O Tribunal começou por afirmar que, «constitui um instrumento de controlo que tem por objetivo a prevenção da evasão e da fraude fiscais a obrigação de entregar, junto das autoridades competentes, um extrato das declarações dos compradores», concluindo que a imposição de tal obrigação «não reveste um caráter manifestamente desproporcionado». Já no que diz respeito à consequência associada ao incumprimento da obrigação, entendeu que, «a aplicação automática da taxa de imposto especial de consumo prevista para os carburantes em caso de incumprimento da obrigação de entregar um extrato desse tipo viola o princípio da proporcionalidade.» Com efeito, «o facto de aplicar aos combustíveis de aquecimento em causa no processo principal a taxa de imposto especial de consumo prevista para os carburantes em razão da violação da obrigação, imposta pelo direito nacional, de apresentar um extrato das declarações dos compradores nos prazos fixados, quando se constatou que não havia dúvida de que esses produtos se destinavam a aquecimento, vai além do que é necessário para prevenir a evasão e a fraude fiscais.» O Tribunal de Justiça esclareceu ainda que, «nada impede um Estado‑Membro de prever a aplicação de uma coima pela violação de uma obrigação como a que consiste na entrega às autoridades competentes de um extrato das declarações dos compradores do combustível de aquecimento vendido.» O que o princípio da proporcionalidade proscreve é que seja aplicada a taxa normal de imposto especial sobre o consumo a situações em que nada «indica que essas vendas foram realizadas com o objetivo de beneficiar de modo fraudulento da taxa de imposto especial de consumo preferencial atribuída aos combustíveis destinados a aquecimento».

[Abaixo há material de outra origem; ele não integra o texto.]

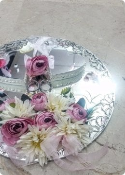 Süslü Yuvarlak Nişan, Söz Aynalı Yüzük Tepsisi / Supla
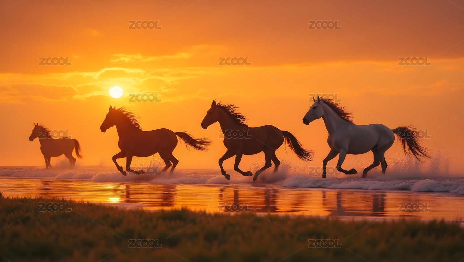 奔腾的骏马与落日
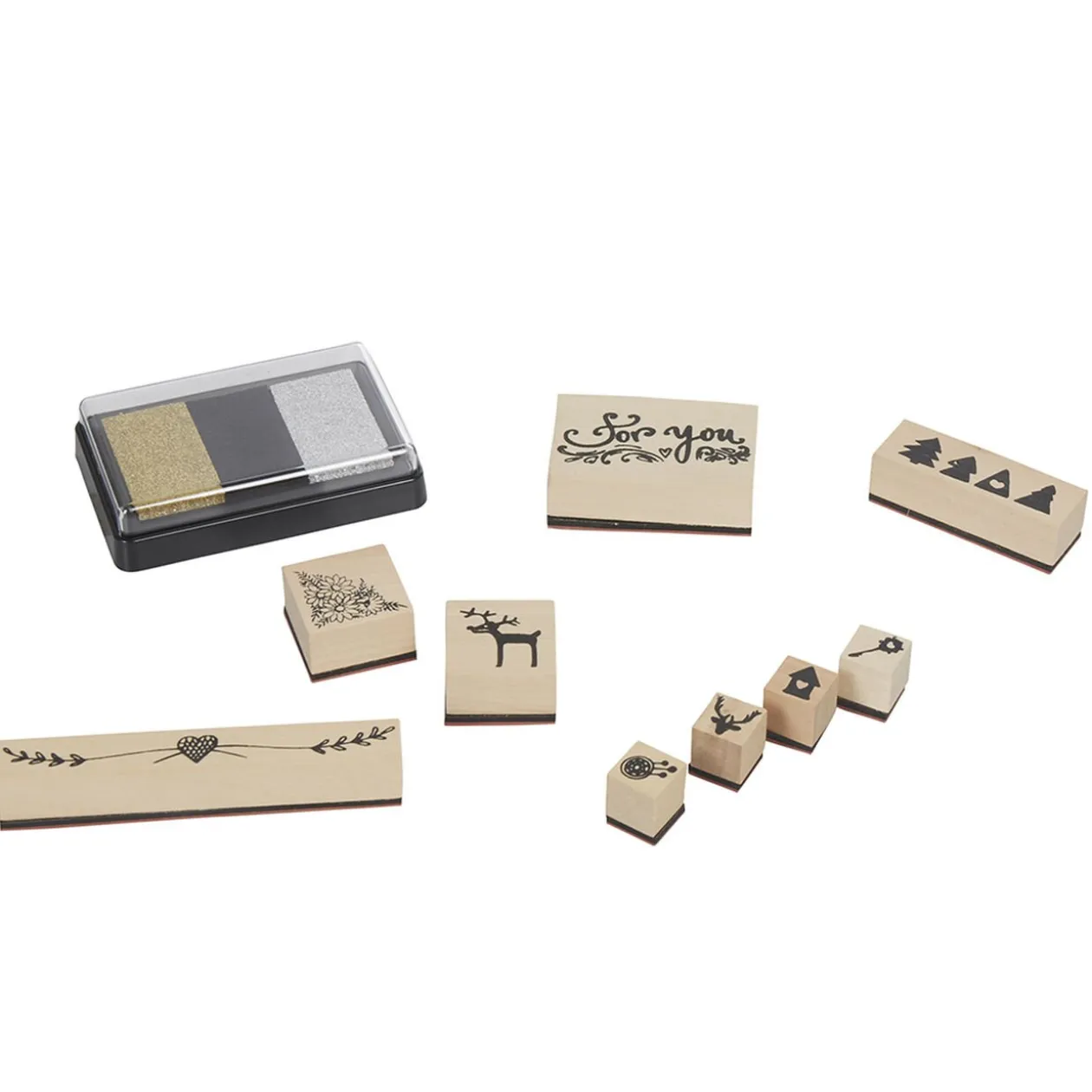 Décorez les fêtes de fin d’année à votre façon grâce à ce lot de 9 tampons motif renne, sapin, attrape-rêves… Une authentique décoration à afficher en noir, en doré ou en argenté avec l’encreur 3 couleurs.
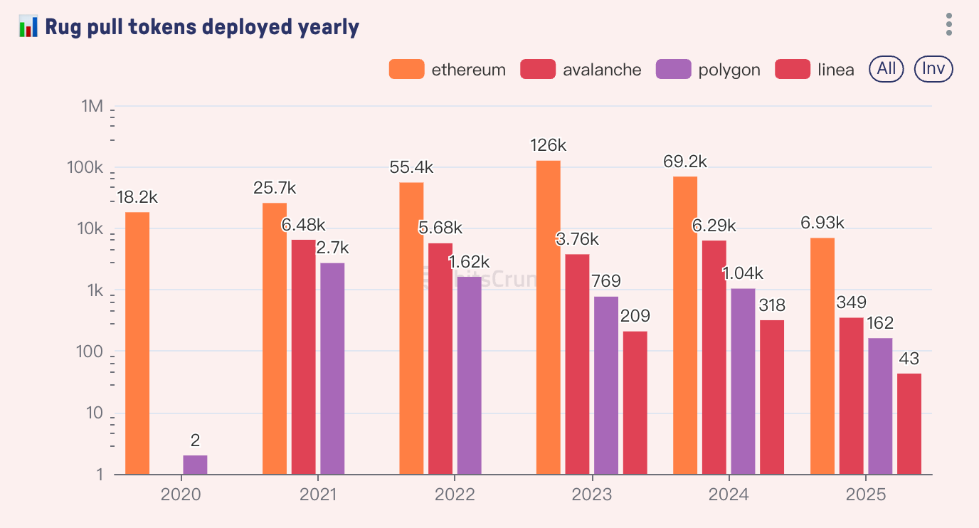 高达数十万计的欺诈代币和部署者数量,表明 Rug Pull 已绝非零散的小偷小摸,而是一条分工明确、工具化、流程化的成熟黑色产业链。诈骗成本极低,而潜在“收益”巨大。用户需要了解 Rug Pull 的常见手法(高额回报承诺、匿名团队、无审计、流动性锁仓可疑或缺失、社交媒体炒作、短时间内拉盘等)。查看合约是否开源、是否经过知名审计机构审计、团队背景是否可验证、流动性锁仓情况等应成为投资前的必备步骤。
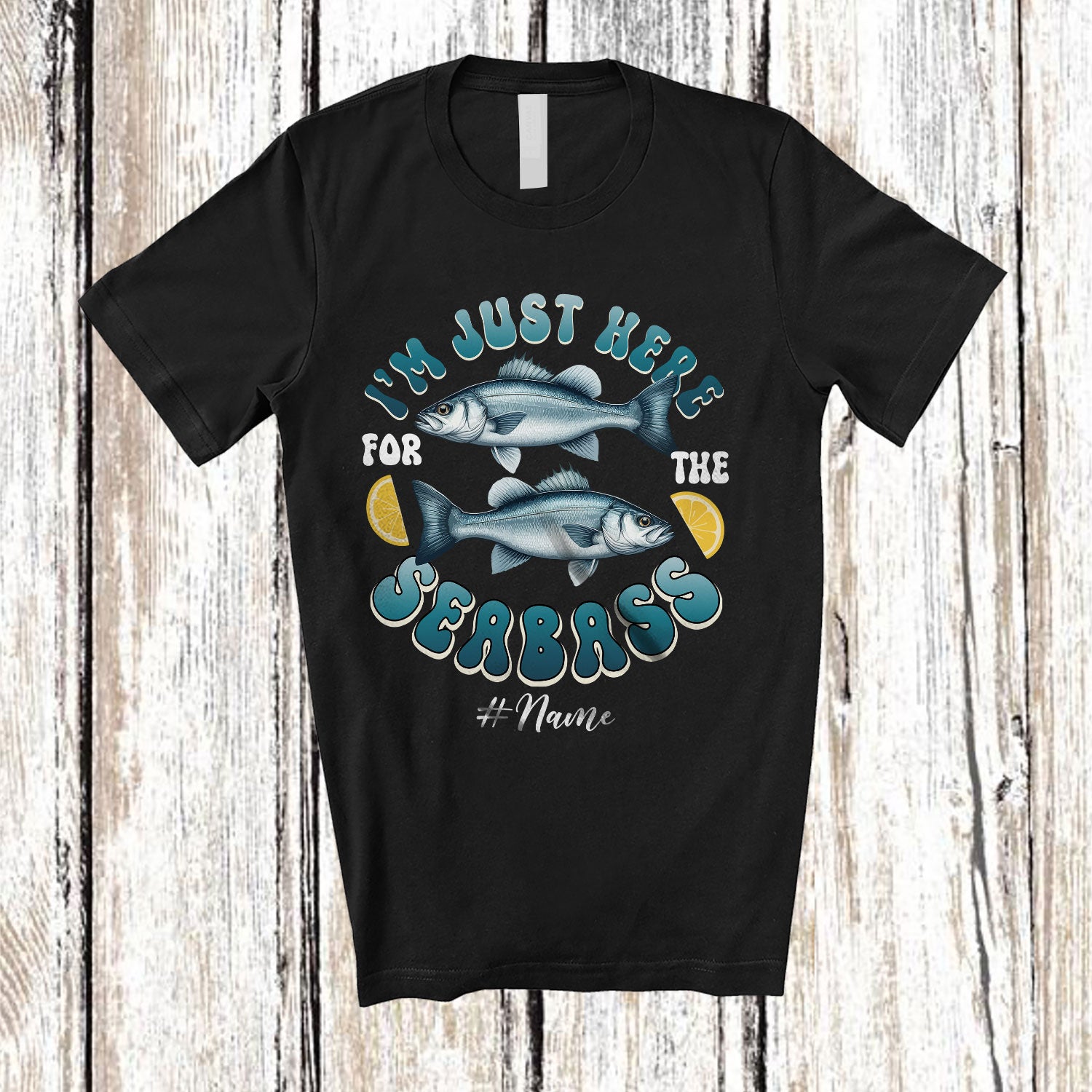 Personalized Custom Name Just Here For The Seabass; Joyful Seafood Boil Party Fishing Food T-Shirt
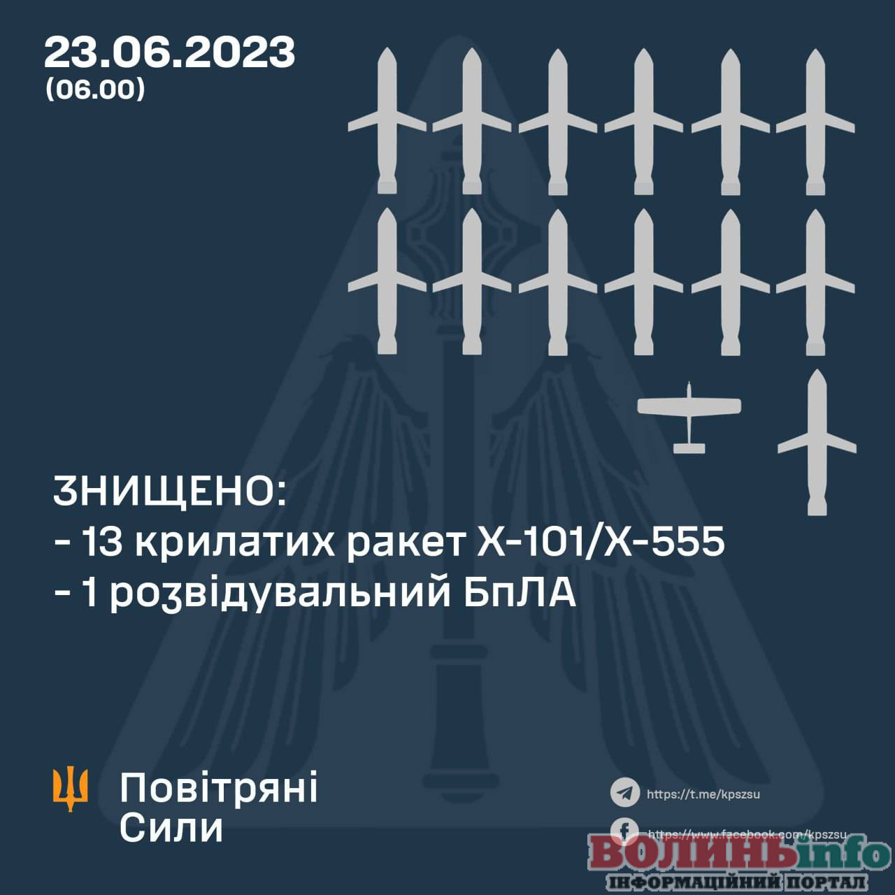 Сили ППО збили за ніч 13 крилатих ракет та безпілотник: наслідки нічної атаки 23 червня
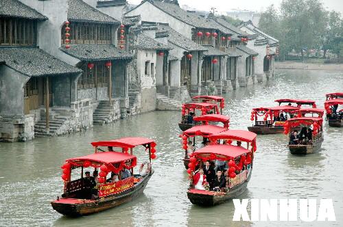 10月22日,新人們乘坐彩船在河上暢游。當(dāng)日,浙江省嘉興市舉行第四屆江南水鄉(xiāng)集體婚禮,70名新人同時(shí)邁入婚姻殿堂。
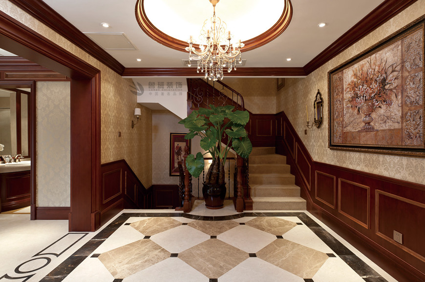▲中(zhōng)海東郡聯排别墅古典歐式360平米李建明主筆(bǐ)設計——玄關設計實景拍攝
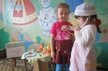1 катнаш төркем балалары “Шифаханә” сюжетлы-рольле уенын уйныйлар. Бу уен аша балаларда табиб һәм шәфкать туташы турында белемнәре ныгытылды. Әлеге хезмәт кешеләренә карата хөрмәт һәм ихтирамлылык сыйфатлары тәрбияләнде.
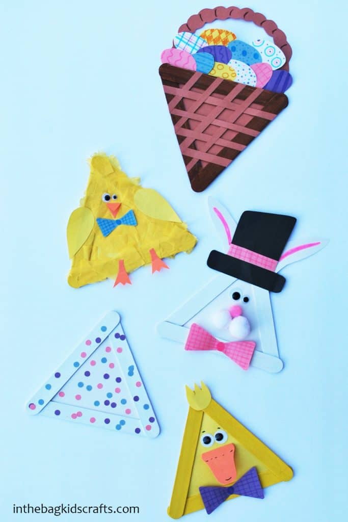 These Easter Crafts Ideas are a fun collection of some of our favorite simple Easter crafts. Each one starts with a basic triangle popsicle stick frame and goes from there. I know, triangle shaped eggs are unorthodox, but they turned out so cute. Plus they are a easy for little ones to make and leave room for imagination. Get the Easter crafts printable to make it even easier to create.
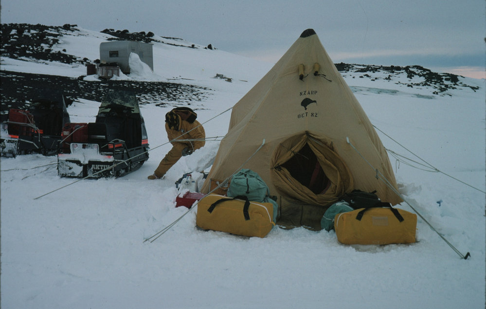 Chris Adams Shovels Snow onto Flaps of Polar Tent at Cape Evans. Antarctica NZ, accessed 02/04/2026, https://adam.antarcticanz.govt.nz/nodes/view/8581
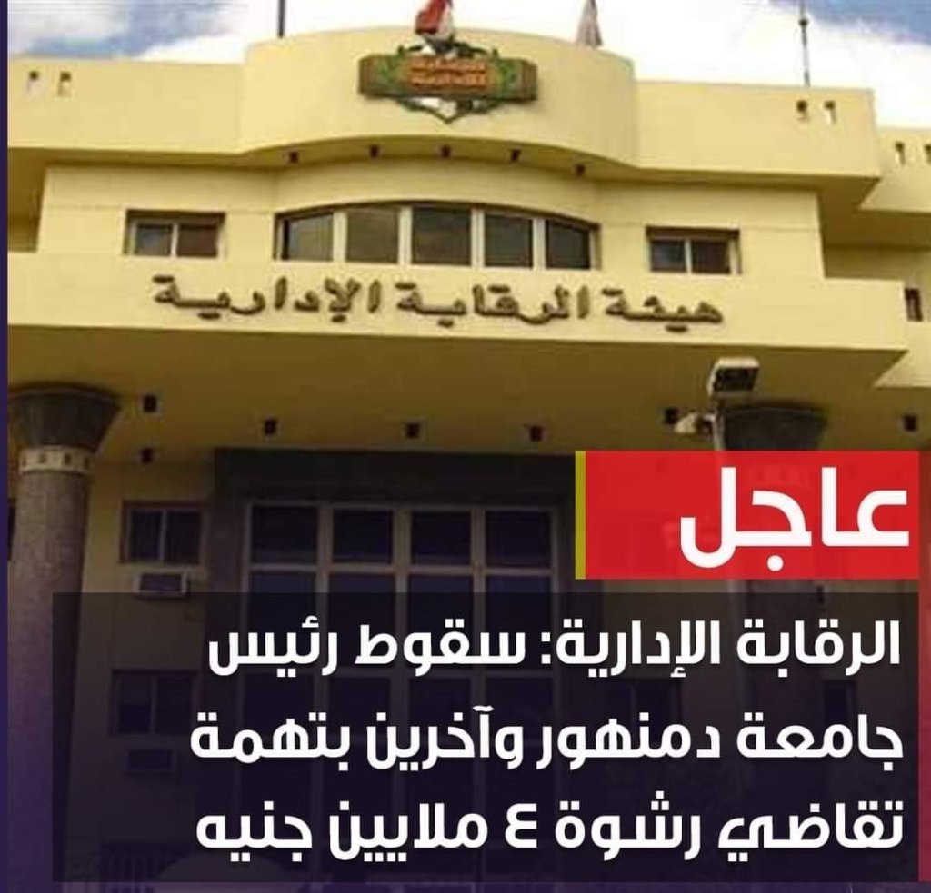 في ضربة جديدة من نوعها تمكنة الرقابة الإدارية من سقوط رئيس جامعة دمنهور وآخرين بتهمة تقاضي رشوة (4) ملايين جنيه وآخرين تقاضوا مبالغ مالية على سبيل الرشوة بلغت أربعة ملايين جنيه مقابل تسهيل وإستلام توريدات لصالح الجامعة.
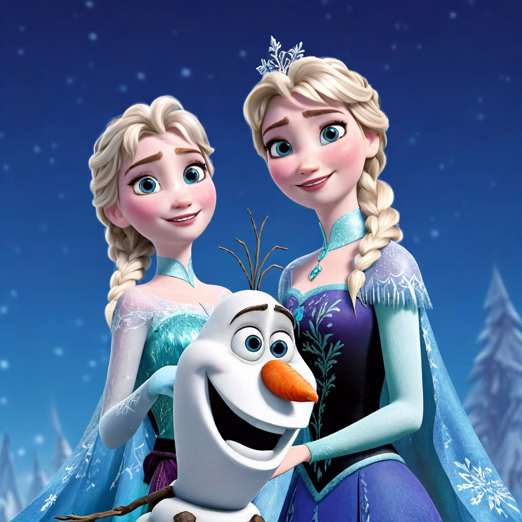 Prompt: Create a 3D Disney Frozen princess, with long dark wavy hair, mixed-race brown eyes, thin eyebrows, slightly large forehead, round cheeks, slightly square faces, round nose with a thin tip, delicate mouth
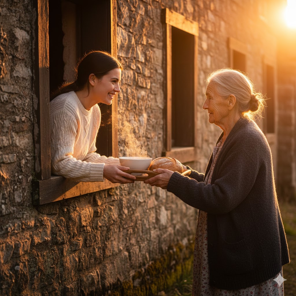 One day, returning from the market, I saw Dona Helena struggling to climb the stairs with a heavy bag. I offered to help her and, without thinking much, I brought her a bowl of soup I had prepared at home. She held the bowl with her trembling hands and smiled:
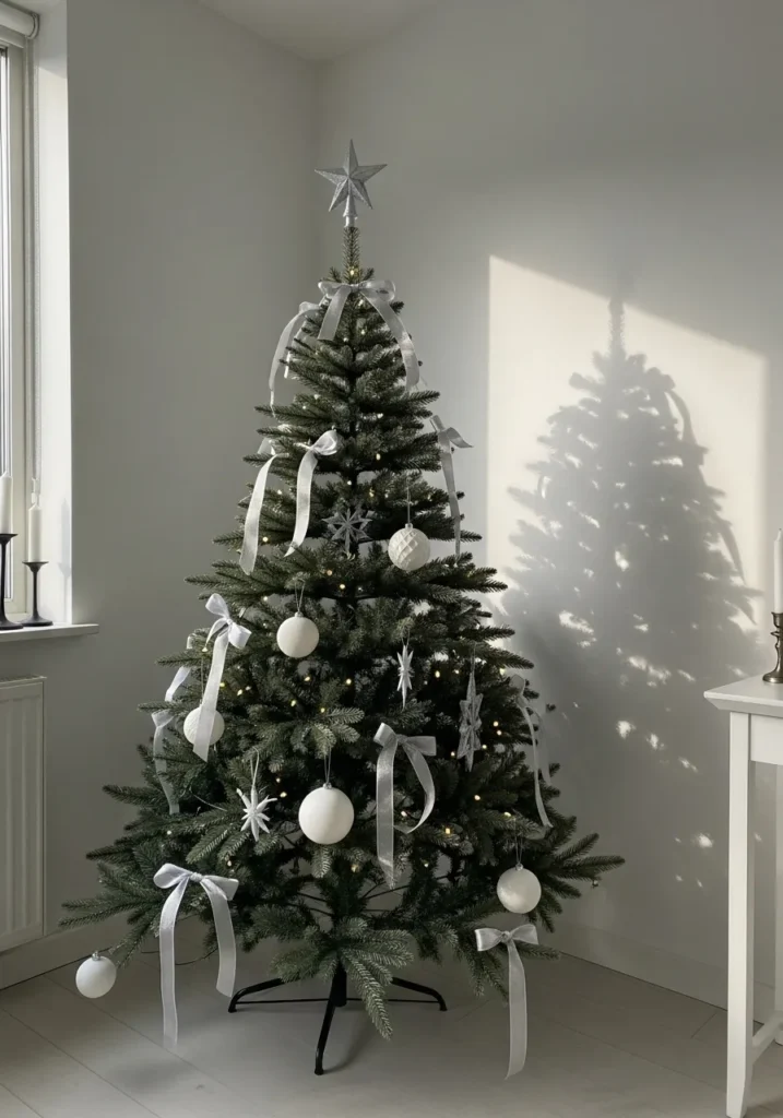This Christmas tree keeps things refreshingly simple. A handful of large white ornaments, silver ribbons, and delicate star toppers add just the right amount of sparkle without crowding the branches. The sunlight casting gentle shadows on the wall makes the space feel calm and serene.
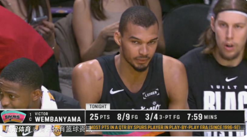 首节比赛,文班亚马首发出战7分59秒,投篮9中8,三分球4中3,拿到25分3篮板1抢断1盖帽。据统计,这是自1996-97赛季NBA逐场数据统计时代以来,马刺球员单节得分最高纪录。另外,文班这单节25分,是本赛季单节得分次高纪录,仅次于哈登对阵黄蜂的27分。
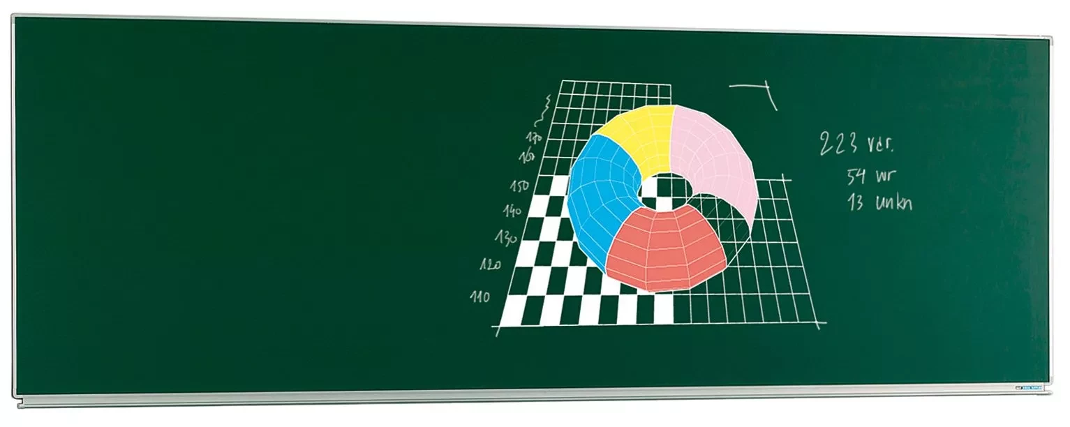 Plate with 1 writing surface in enamel steel green. Anodized 19 mm aluminum profile with plastic corner pieces, including storage/chalk collecting tray over the entire width of the board. Mounting on a fixed wall. Magnetic and dry erase.

Estas considerações aderem perfeitamente ao problema de constitucionalidade que se coloca nos autos. A obrigação de o vendedor pagar a diferença entre a taxa de imposto normal e a aplicável ao gasóleo colorido e marcado, nos casos em que não é emitida fatura em nome do titular do cartão, «vai além do necessário para prevenir a fraude e evasão fiscal». A função sancionatória é plenamente assegurada no plano contraordenacional, perfilando-se a sanção adicional imposta pela norma sindicada – com a estrutura de uma norma de incidência fiscal, ainda que servindo uma finalidade sancionatória − como um corpo estranho e funcionalmente redundante.

A medida seria razoável – porventura até indispensável − caso se pudesse presumir a utilização abusiva do regime da venda do gasóleo colorido e marcado nos casos em que é registada a operação no sistema eletrónico de controlo, não sendo emitida fatura em nome do titular do cartão. Porém, essa presunção – como vimos – não tem justificação alguma, razão pela qual a responsabilidade pelo pagamento da diferença entre o imposto devido com e sem benefício fiscal não tem natureza propriamente tributária. Nada no mero facto de não ter sido emitida a fatura em nome do titular do cartão, sendo apresentado o cartão e não sendo exigida demonstração de identidade, «indica que essas vendas foram realizadas com o objetivo de beneficiar de modo fraudulento da taxa de imposto» aplicável ao gasóleo colorido e marcado.

Assim, é de concluir que a norma sindicada reprova no teste da necessidade, consubstanciando uma restrição excessiva (artigo 18.º, n.º 2) da liberdade de iniciativa económica, consagrada no artigo 61.º, n.º 1, da Constituição.»